Skiing is for Olympians… and Everyone Else

Kenneth Forsythe, M.D.Think skiing is just for young thrill-seekers? Not quite, says Kenneth Forsythe, M.D., a sports medicine specialist and creator of the Green Light Wellness program.

This former Olympian says it’s a great sport to take up, no matter your age, because of all the healthy benefits it provides. “Skiing is a wonderful, total-body, fun-for-life, great-for-families activity. Because of dramatic improvements in ski boots, skis and bindings, it is easier to do than ever before and it’s much safer, especially now that the hills are groomed so well.”

Dr. Forsythe started skiing at age 4 and competed until well into his 20s. He was invited to join the 1964 Canadian Olympic ski team at Innsbruck, competing in slalom and giant slalom. Now he skis for fun—and health. “People often tell me they’re too old to ski,” says Dr. Forsythe,”but I keep track of a gentleman at Mont Tremblant in Canada who still skis every year—at age 104. He says the sport keeps him young!”
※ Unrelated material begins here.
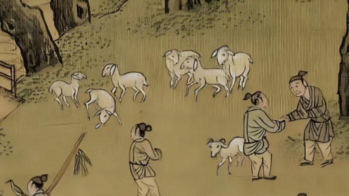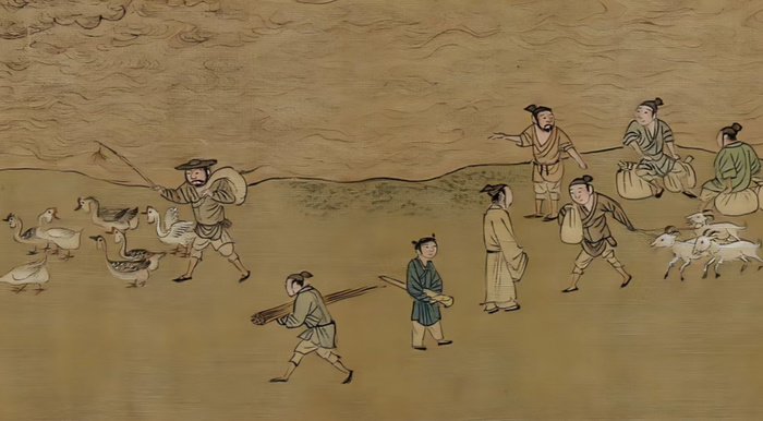 仇英的画笔,还藏着明代江南饮食文化的经济密码。画中频繁出现的白鹅与山羊,背后与明武宗的一道圣旨密切相关。明武宗朱厚照生肖属猪,又姓“朱”,与“猪”同音,南巡时听闻民间杀猪过年,当即下令禁止养猪。禁令之下,祭祀用猪被羊替代,羊肉消费随之增加,苏州城内食羊之风由此日盛。而白鹅在明代被视为尊贵菜肴,据明代《宛署杂记》记载,官方宴席分为四等,只有最高规格的“上席”才可用鹅。画中仇英所绘之鹅,正是这一饮食风尚的生动记录。这些看似不起眼的细节,恰恰构成了历史研究中最珍贵的生活切片,让一幅静态的画作拥有了呼吸与温度。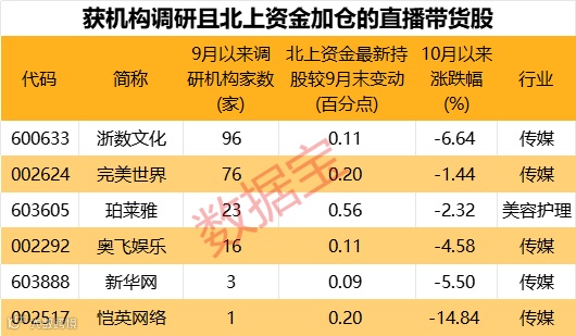 证券时报·数据宝统计,A股市场布局直播带货的股有60余只,主要分布在12个行业,其中传媒、商贸零售及计算机行业公司数量居前。从北上资金持股来看,10月以来获北上资金加仓(较9月末比)的个股多达25只,占比接近一半。珀莱雅、三只松鼠加仓幅度居前,其中珀莱雅2022年度品牌成交金额获抖音美妆排名第三, 国货排名第一;三只松鼠设立直播专项团队,依托品牌IP属性构建独有的语言体系和直播风格,在行业内率先开始自直播、虚拟直播的研究和探索。

Lots of people have been put off by the idea of skiing because of all the stories about how difficult it is and by worries about injuries, says Dr. Forsythe. But, thanks to the snowboard industry, skis and skiing changed dramatically during the past 10 years. “The ski industry woke up and made skis short, shaped, easy to turn, and a lot more fun.” Coupled with lighter, comfortable boots and much improved bindings, the sport can be safe for all ages, he believes.

“People may have been intimidated into not trying the sport because they heard it was dangerous, but it’s such a wonderful aerobic activity. It puts your cardiopulmonary abilities up there with tennis and hockey players.”

Kenneth Forsythe, M.D.Before hitting the slopes, however, Dr. Forsythe encourages people to spend some time on conditioning. “Start a walking or jogging program, either at home or in the gym. For the gym, do resistance exercises, which provide strength and conditioning for every muscle group in your body.”

But you don’t need a gym to improve your conditioning. “When I was training for skiing, I could easily spend four or more hours a day working out,” recalls Dr. Forsythe,”but what I learned over 25 years of helping people to be healthier is that it’s the little bit you do all the time that really counts. It’s not at all about intensity—it’s about frequency.”

For those who are busy with work and family, Dr. Forsythe offers this advice: “One of the easiest conditioning tips for anyone is to think of all the hours you have available every day. For every hour you’re up and awake, try to walk for at least five minutes; you could do this answering phone calls, looking at the morning TV news, walking during coffee breaks, and so on. It’s the accumulation of activity that really makes the difference.’

Dr. Forsythe’s Tip for Anytime and Anyone

Every time you go to sit down in a chair, bend only part way and hold that ‘half-seated’ position for 10 seconds. It’s good for backs, hips… and skiers!